Reproduce only this stretch of the listing below: from the line with "St. Patrick's Day" through the line with "柜台对面的一排复古矮柜上,则", exactly as written, with pictures excluded.

Dataset entries START

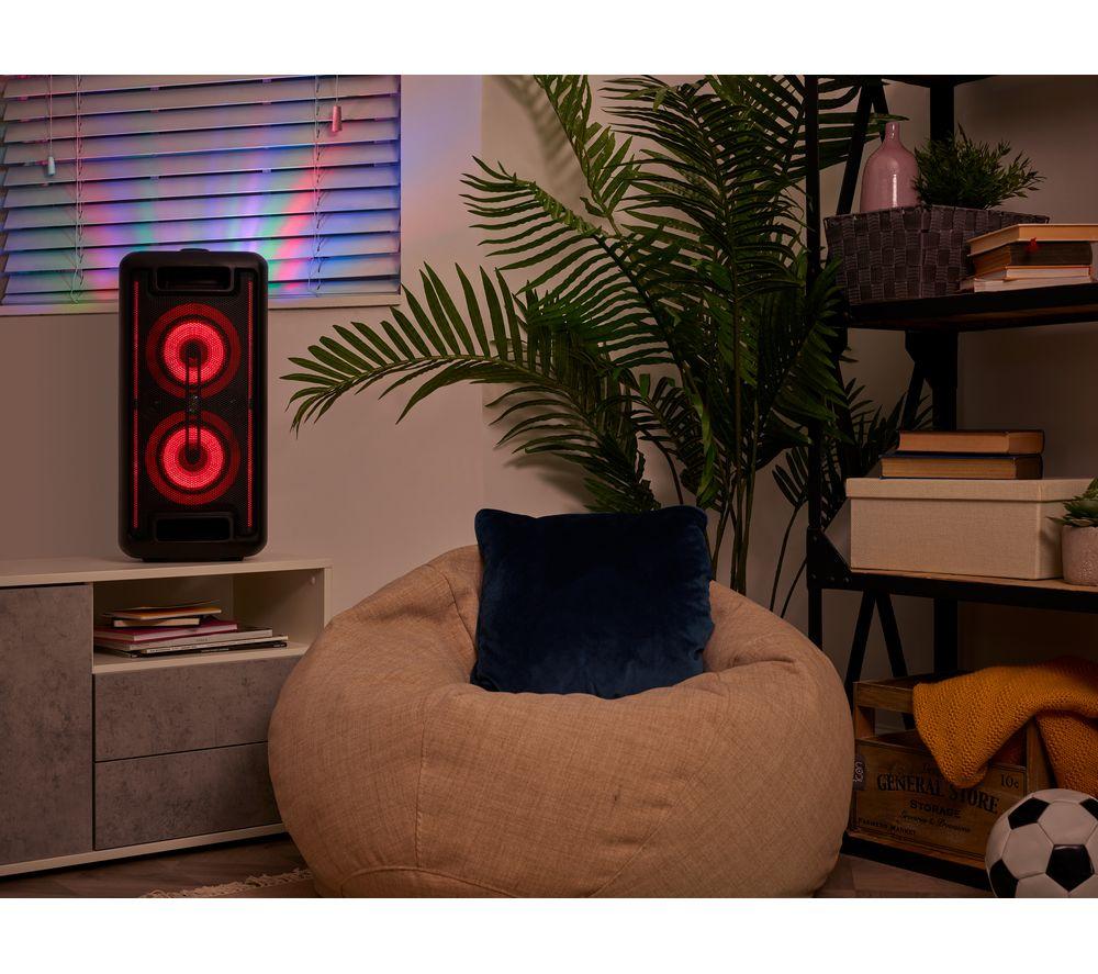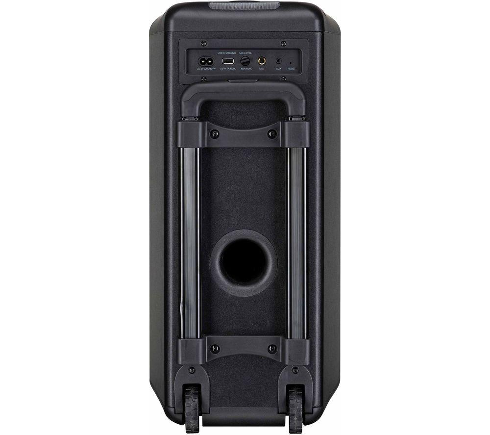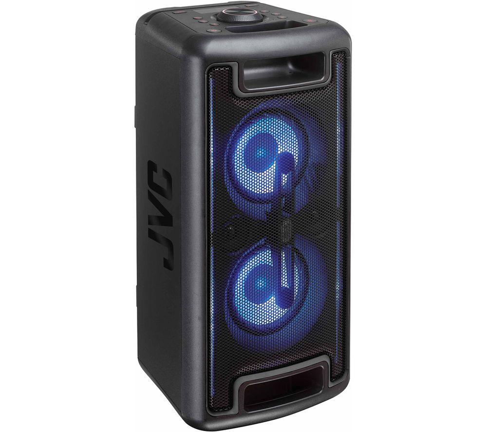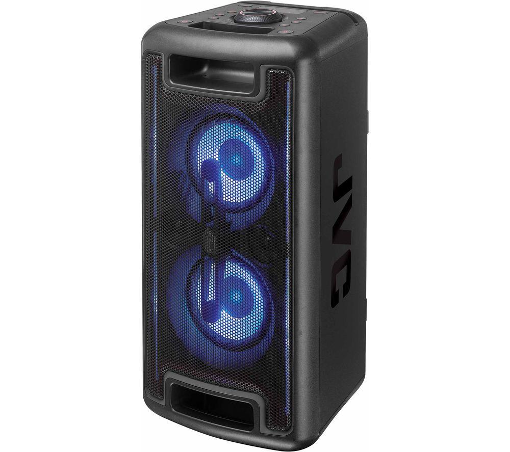Party for longerThe JVC MX-D719PB Portable Bluetooth Speaker has an incredible 26 hours of power from a full charge, so if you're outside, you can be sure your speaker won't quit before you're ready to. If you've got the luxury of a power outlet, just plug in and you're set for a party that never has to stop.Sound quality that packs a punchBass Booster mode to gives your music that bit of extra energy, for audio that fills the room. Whether you're into club classics, rock anthems, or EDM, everything will sound fuller, punchier and 3-dimensional. The flashing LED lights are great for bringing a bit of party atmosphere too!You can even pair two speakers together to create true stereo soundsystem for a middle sized event.Playback that suits youAs well as Bluetooth, there's an aux-in jack and USB port - however you store your music you've got options. If you're on-the-go, the trolley handle and wheels make it super easy to transport your MX-D719PB Speaker, so taking the party with you is effortless.There's a microphone connector too - you never know if the night will end with some Karaoke (we won't judge).If in need, the USB port can serve you as a charger for your phone.
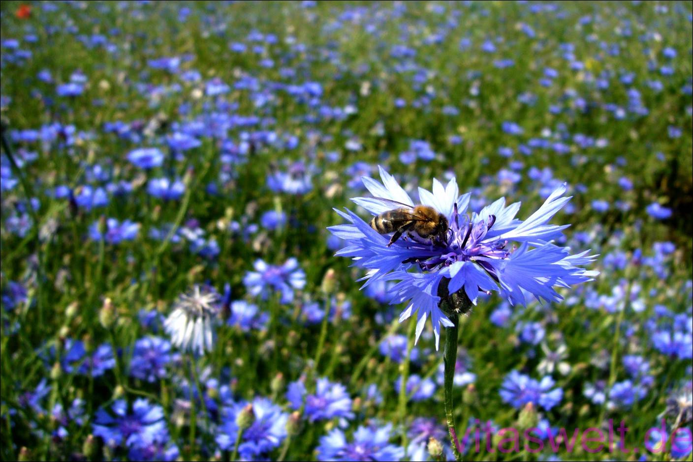 | B32 Ein blaues Kornblumenfeld findet man heute nur selten. Wir haben es für Sie entdeckt und wünschen viel Phantasie beim Versenden. Im Vordergrund ist eine Blüte scharf abgebildet. Die Blüten haben feine miteinander verzweigte Blütenblättchen, als Kelche geformt, die kranzförmig nach außen abstehen. Sehr bizarre Form. Ich würde sie mit Schneekristallen vergleichen. Auf der abgebildeten Blüte sitzt eine Biene und labt am Nektar. Die volle Bildfläche ist, durch die Schrägansicht, mit blauen Blüten im grünen Feld ausgefüllt. Sommerlich leicht. Mail mit der Karte B32 versenden Karte B32 bestellenKarte B32 vergrößern | |
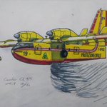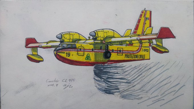 Canadair CL 415, drawn with marker The part of the airplane is quite satisfactory, but I am not very familiar with the scene of using a marker to show the falling of water #illustration #aircraft #firefighters #aviation #doodle
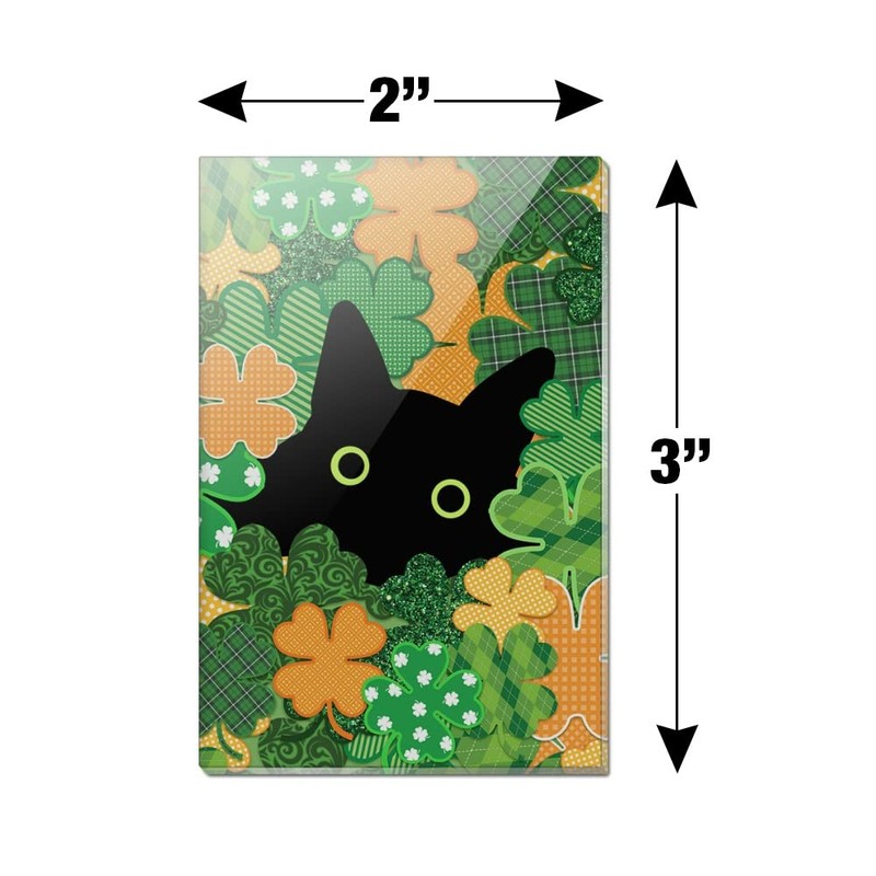 St. Patrick's Day Black Cat Shamrock Rectangle Acrylic Fridge Refrigerator Magnet
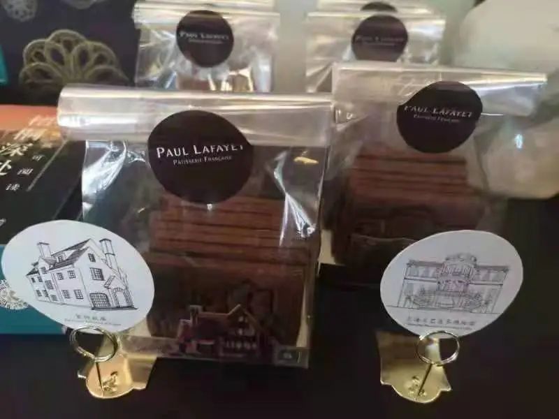 柜台对面的一排复古矮柜上,则摆放了包括《遇见武康大楼》口袋书、徐汇公共旅游地图、武康大楼明信片、徽章以及特制的武康大楼曲奇、冰激凌等图书和文创,一台“声音明信片”制作机还能让市民游客录下自己的心里话寄送给家人朋友。
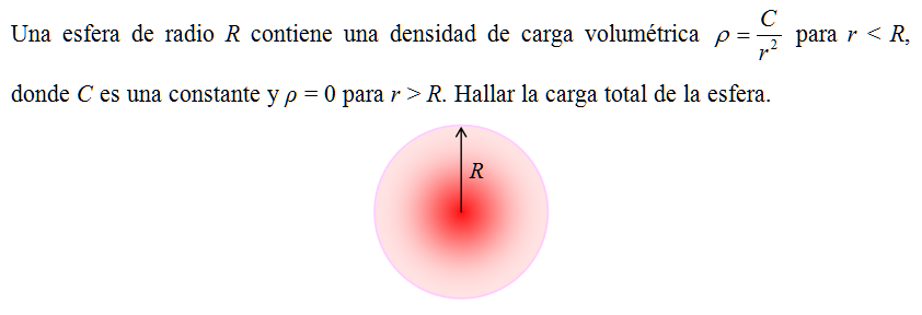 Una esfera de radio R contiene una densidad de carga volumétrica \( \displaystyle \rho = \frac{C}{r^2} \) para r < R, donde C es una constante y ρ = 0 para r > R. Hallar la carga total de la esfera.
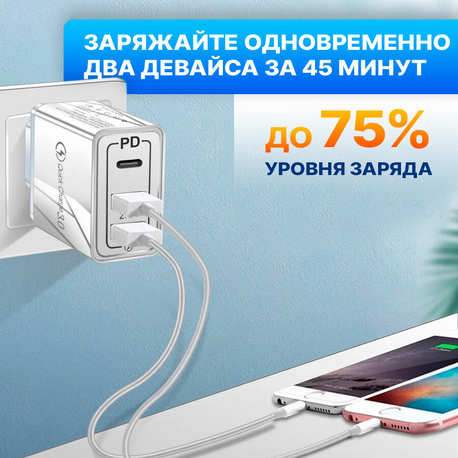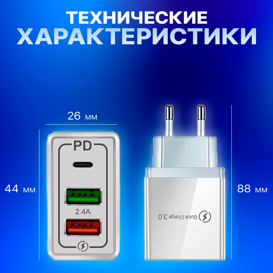 | Дополнительная информация | Зарядное устройство подходит для всех смартфонов, ноутбуков и гаджетов, которые заряжаются через USB и Type-C |
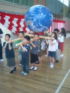 こちらは慈愛みこしの稽古風景…ですが、みこし体験は初めてな児童ばかり。掛け声なんて直ぐに忘れます。まだまだ経験と集中力を養わないと…。
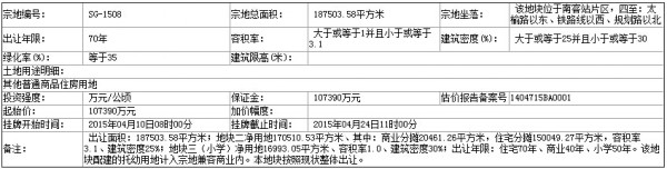 SG-1508號地塊:2015年04月10日08時00分至2015年04月24日11時00分 ;
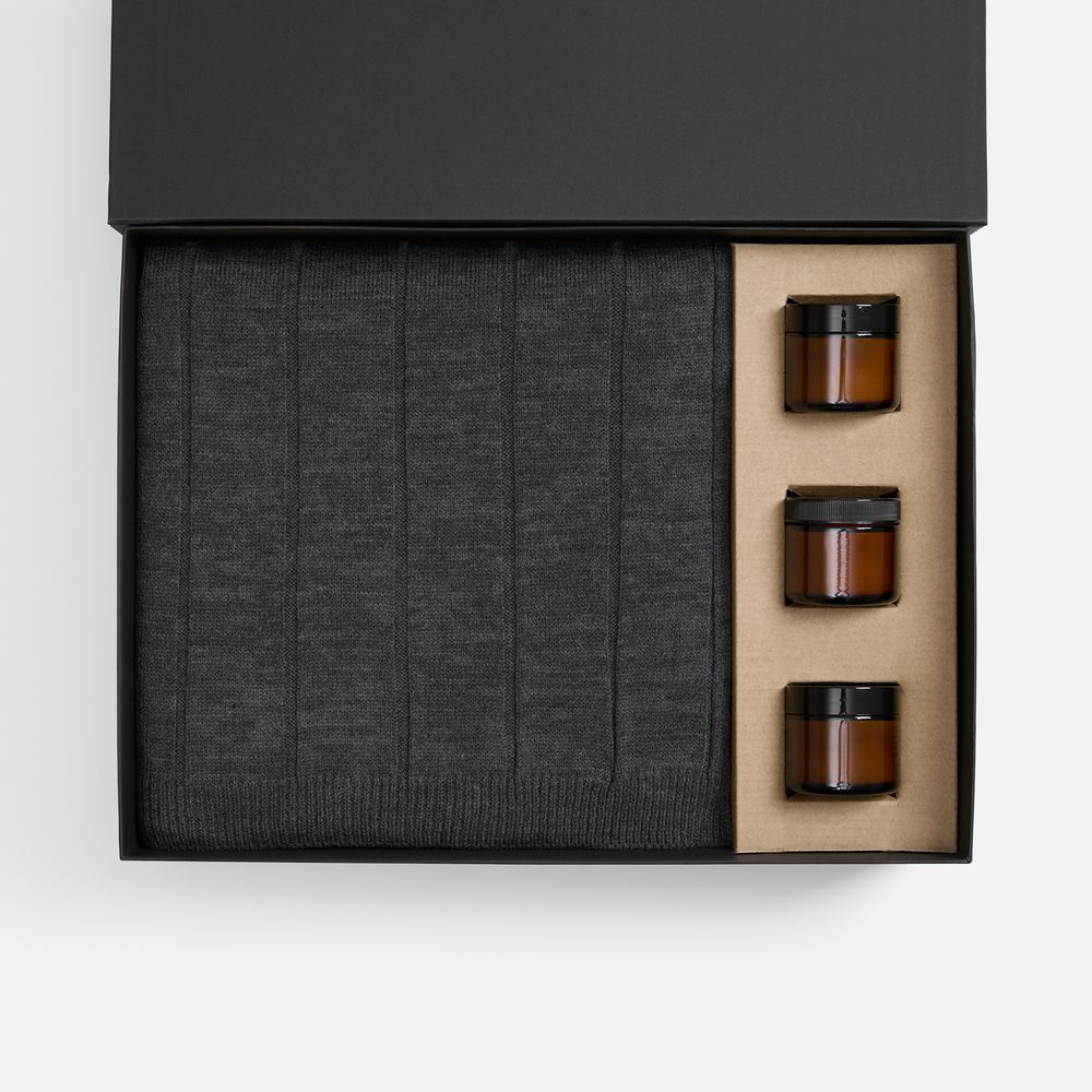 | Материал | плед - акрил 100%, плотность 310 г/м² ; подсвечник - стекло, крышка - пластик; свеча - парафин, соевый воск, парфюмерная композиция; коробка - переплетный картон, бумага Magic |
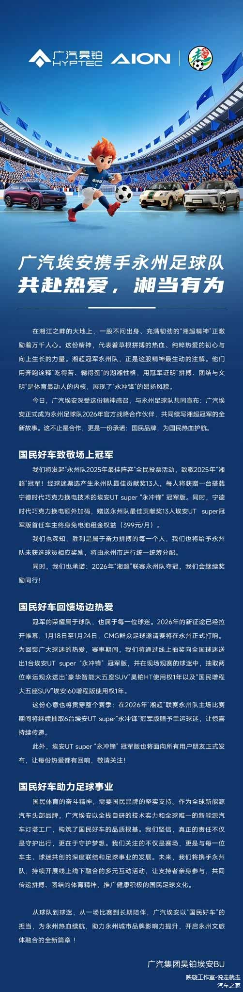 同时,在1月18日至24日于永州举办的CMG群众足球邀请赛期间,广汽埃安将通过线上抽奖向全国球迷送出1台埃安UT super“永冲锋”冠军版;并在现场观赛的球迷中,抽取两位幸运观众送出“豪华智能大五座SUV” 昊铂HT使用权1年,以及“国民增程大五座SUV”埃安i60增程版使用权1年。更让人期待的是,在2026年“湘超”联赛永州队主场比赛期间,广汽埃安将继续抽取6台埃安UT super赠予幸运球迷。这一系列动作,形成了贯穿赛季的品牌互动体系。
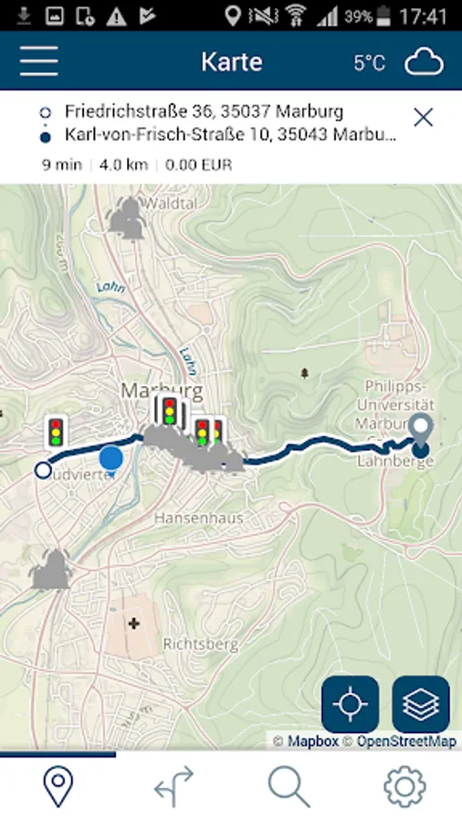 If you approach an intersection as a cyclist with the SiBike app, the traffic light automatically switches to green within a few seconds or extends the existing green phase. YuBike takes advantage of satellite navigation technology. Your smartphone determines the position using GPS and checks whether you have passed a virtual trigger point at the right speed. In this case, the app reports the activation of the trigger point to the traffic center. The traffic control center then issues a command to the traffic light controller and ensures that you get the green light.
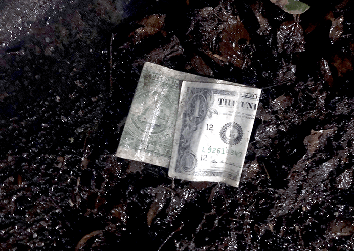 We found a soaked dollar bill in the gutter along 100th Ave. Whoop!
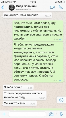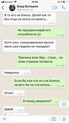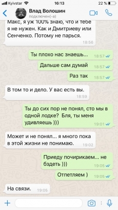 Через декілька годин після самогубства Владислава Волошина, Андрій Лохматов опублікував скріншоти смс-листування загиблого з невідомою людиною (чи кількома людьми), в яких обговорюється ситуація, яка склалася навколо аеропорту.
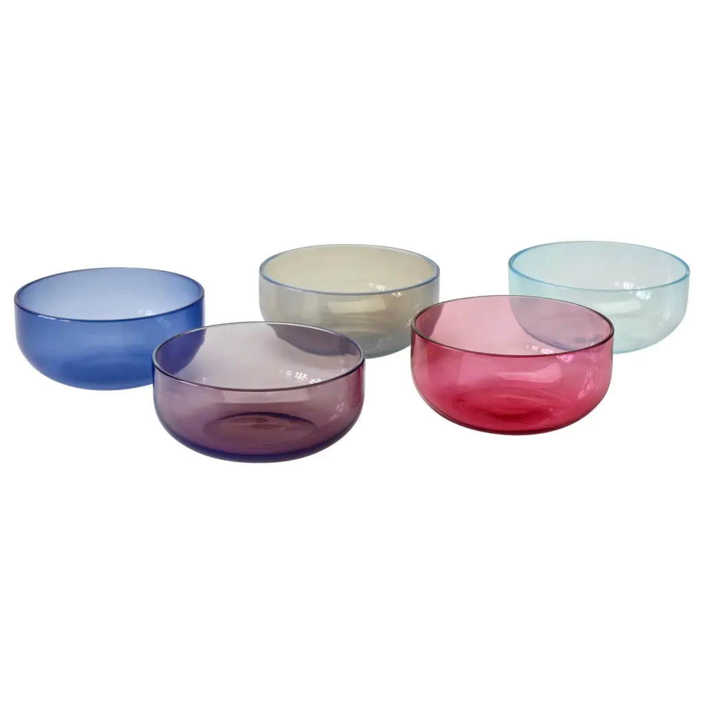 Lente, ottico, ottico torsé, balloton, rigadin, and torsé are the traditional Muranese textures characterizing this precious assorted set of six mouth-blown Murano glass bowls. Offered in a sophisticated and delicate purple tone, the set stands out for its subtle dynamism that can be either appreciated with a simple glance or gesture. More colors are available in the Artemest catalog.
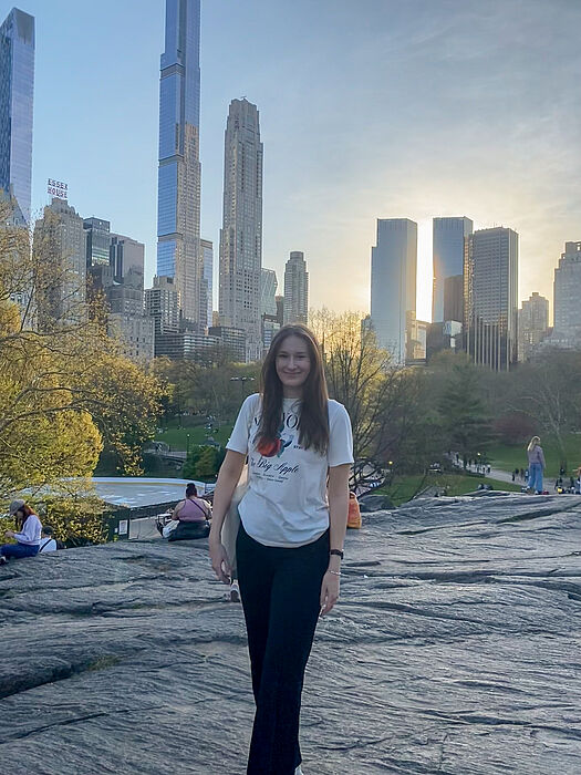 In ihren Pausen geht Kristine oft rüber in den Central Park. Es fühlt sich für sie surreal an, zwischen den Anzugträger*innen herzulaufen, die vermutlich auf dem Weg zu ihren wichtigen Jobs sind. Kristine ist mitten drin und kommt nicht heraus aus dem Stauen: „New York verkörpert den American Dream. Man hat in dieser Stadt das Gefühl, wirklich alles schaffen zu können. Überall kann man etwas Neues sehen und erleben - egal ob Broadway, Baseball oder die Skyline. Auch eine deutsche Bar habe ich entdeckt. Dort habe ich gemeinsam mit den anderen PEP-Teilnehmer*innen die EM-Spiele gesehen.“

Dataset entries END

▶ **Exercise output**
 St. Patrick's Day Black Cat Shamrock Rectangle Acrylic Fridge Refrigerator Magnet
 柜台对面的一排复古矮柜上,则摆放了包括《遇见武康大楼》口袋书、徐汇公共旅游地图、武康大楼明信片、徽章以及特制的武康大楼曲奇、冰激凌等图书和文创,一台“声音明信片”制作机还能让市民游客录下自己的心里话寄送给家人朋友。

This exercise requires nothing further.